OpenAI Partners With Broadcom in Third Major Chip Deal
OpenAI has signed its third major semiconductor partnership, teaming up with Broadcom to co-design custom AI chips and purchase 10 gigawatts of computing capacity. This landmark deal brings OpenAI’s total secured computing power to over 26 gigawatts—equivalent to 26 nuclear reactors—as the company races to build infrastructure for services like ChatGPT.
Key Takeaways
- OpenAI’s third major chip deal with Broadcom includes custom co-designed processors
- Total computing capacity now exceeds 26 gigawatts across all partnerships
- Potential additional spending of $350-500 billion on top of existing $1 trillion commitments
- First time OpenAI has produced its own AI chips specifically for inference
Massive Chip Acquisition Spree
According to Financial Times reports, the Broadcom partnership follows recent deals with Nvidia and AMD. In September, OpenAI committed to 10 gigawatts of Nvidia chips, followed by 6 gigawatts from AMD last week.
The company also signed a $300 billion data center agreement with Oracle spanning five years. Combined with previous commitments, OpenAI could spend an additional $350-500 billion beyond the roughly $1 trillion already allocated for chips and data centers.
Custom Chip Development
OpenAI has collaborated with Broadcom for 18 months to develop custom processors specifically optimized for running its AI models. This marks the first time the Microsoft-backed startup has produced its own AI chips.

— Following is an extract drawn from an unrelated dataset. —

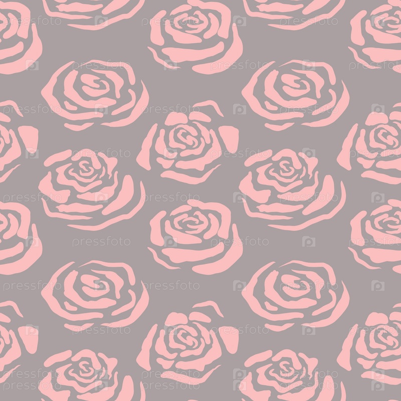 Бесшовный узор с розовыми бутонами роз на сером фоне, абстрактные стилизованные цветы, нарисованные вручную

This will give us a gigantic amount of computing infrastructure. The race to develop AI infrastructure is the biggest joint industrial project in human history.
— Sam Altman, OpenAI CEO
The custom chips are designed specifically for inference—the process where AI models respond to user requests. Deploying this massive computing capacity will require building extensive new data center infrastructure.
Sam Altman announced the partnership in a recent podcast, emphasizing the scale of investment needed to support advanced AI systems like ChatGPT.